Your AI Editor Doesn’t Know What You’re Doing
Your editor knows your codebase. It doesn’t know what you’re doing.
This is a structural limitation of how AI tooling is currently built, and the distinction matters more than it seems. Knowing a codebase means having a model of state — the functions, the types, the call graph, what exists and how it connects. Knowing what a programmer is doing means having a model of process — the intent behind the current sequence of edits, the problem being solved, the direction of movement. State is a snapshot. Process is a vector.
Current tools are good at the snapshot. They index your codebase, retrieve relevant context, and generate suggestions calibrated to what’s there. The Cursor-style approach has gotten remarkably far on this. But it consistently fails at a specific class of problem: situations where the right suggestion depends not on what the code looks like right now, but on what the programmer has been trying to do for the last twenty minutes.
The obvious fix is to send edit history as context. If the model sees the last hundred edits, it can infer intent. The problem is cost. Edit history is verbose, the context window fills fast, and most of what’s in that history is noise — intermediate states, backtracking, exploratory deletions. Sending raw history to a remote model on every keystroke isn’t a product, it’s a billing catastrophe.
The architecture I want to propose inverts the problem.

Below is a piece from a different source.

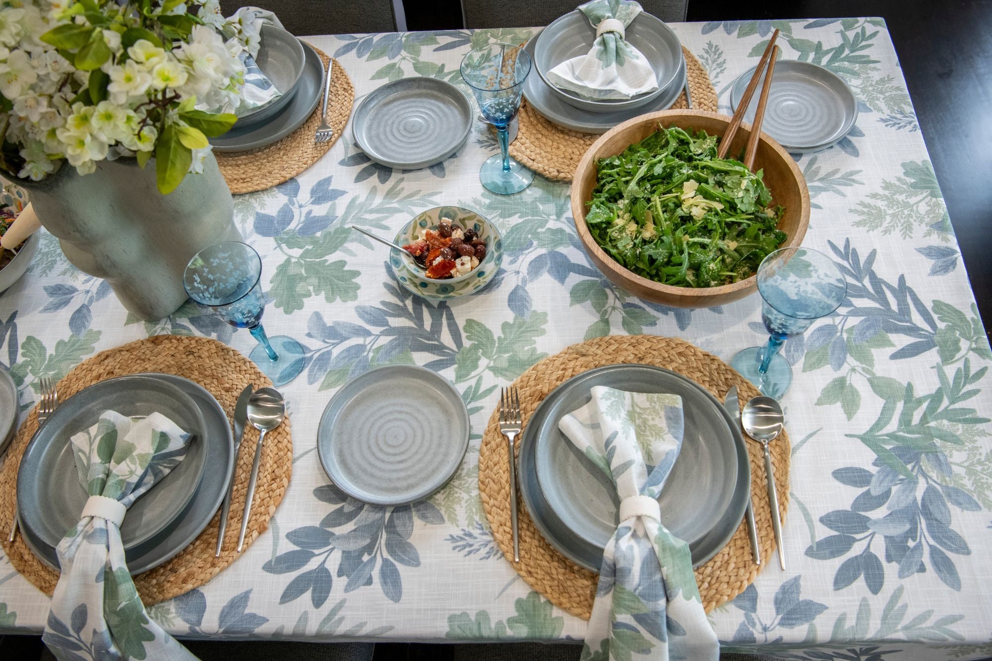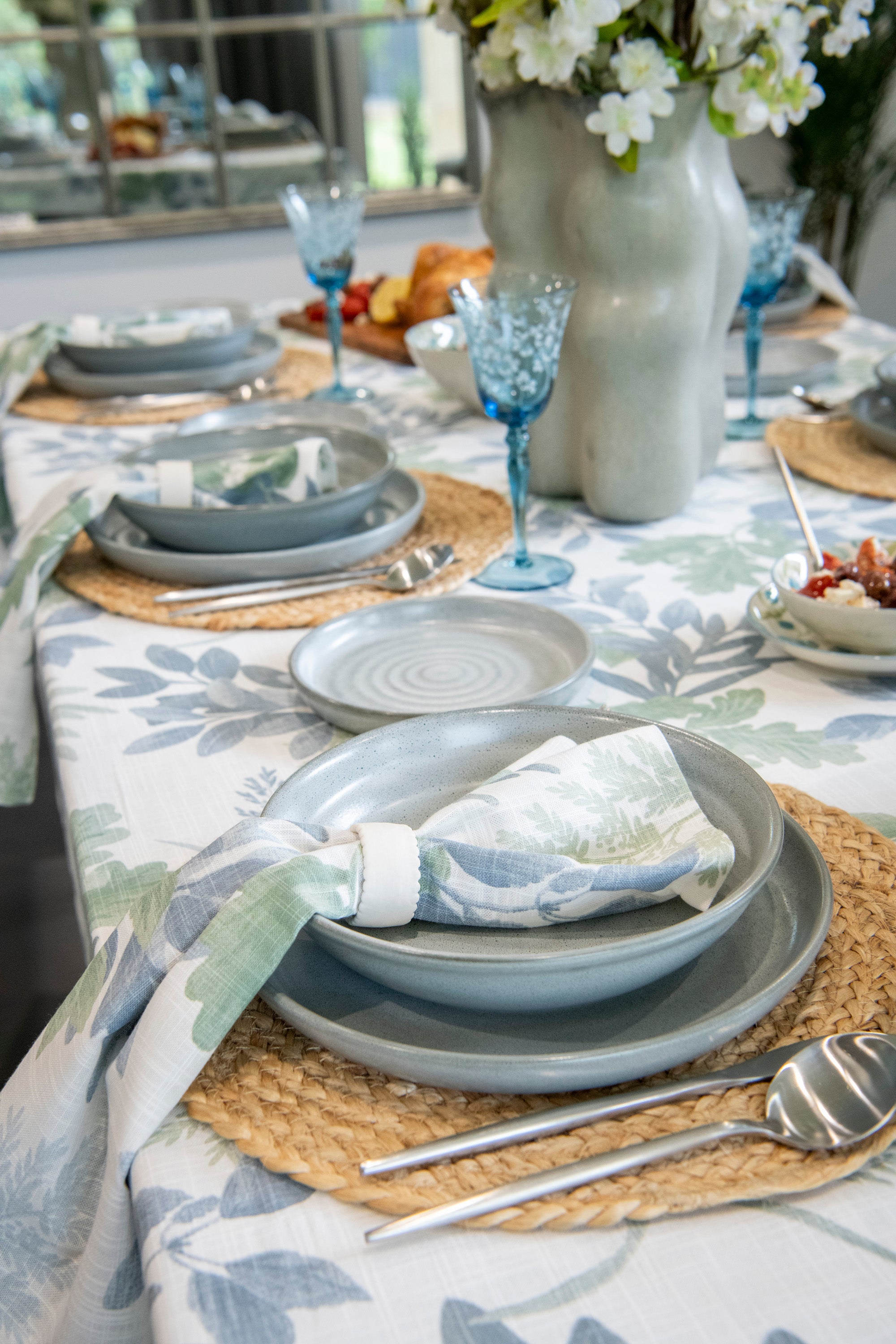 The Moss Meadow Napery Range features a gentle seafoam foliage pattern on a soft off-white cotton base. Lightweight, breathable, and easy-care, it brings a fresh, botanical touch to your table—perfect for everyday dining or relaxed get-togethers.

Instead of sending more context up, you add a layer of compression locally. A small model runs inside the editor — lightweight enough to respond in real time, trained specifically to track edit sequences and produce structured summaries. Not natural language summaries. Embeddings. The local model watches every edit, maintains a running representation of programmer intent as a vector, and sends that vector upstream when the remote model needs it.
The remote model receives not a history of raw edits but a compressed semantic trace of what the programmer has been doing. It uses this to generate suggestions that are calibrated to process, not just state.
This is already an improvement. But the interesting part is what happens when you make the communication bidirectional.
The remote model doesn’t just receive from the local model — it can dispatch to it. Before generating a suggestion, the remote model can send an investigation instruction: check whether this function is called anywhere else, find all implementations of this interface, trace how this variable is threaded through the codebase. The local model executes the investigation against the indexed codebase and returns the result. The remote model incorporates this into the suggestion.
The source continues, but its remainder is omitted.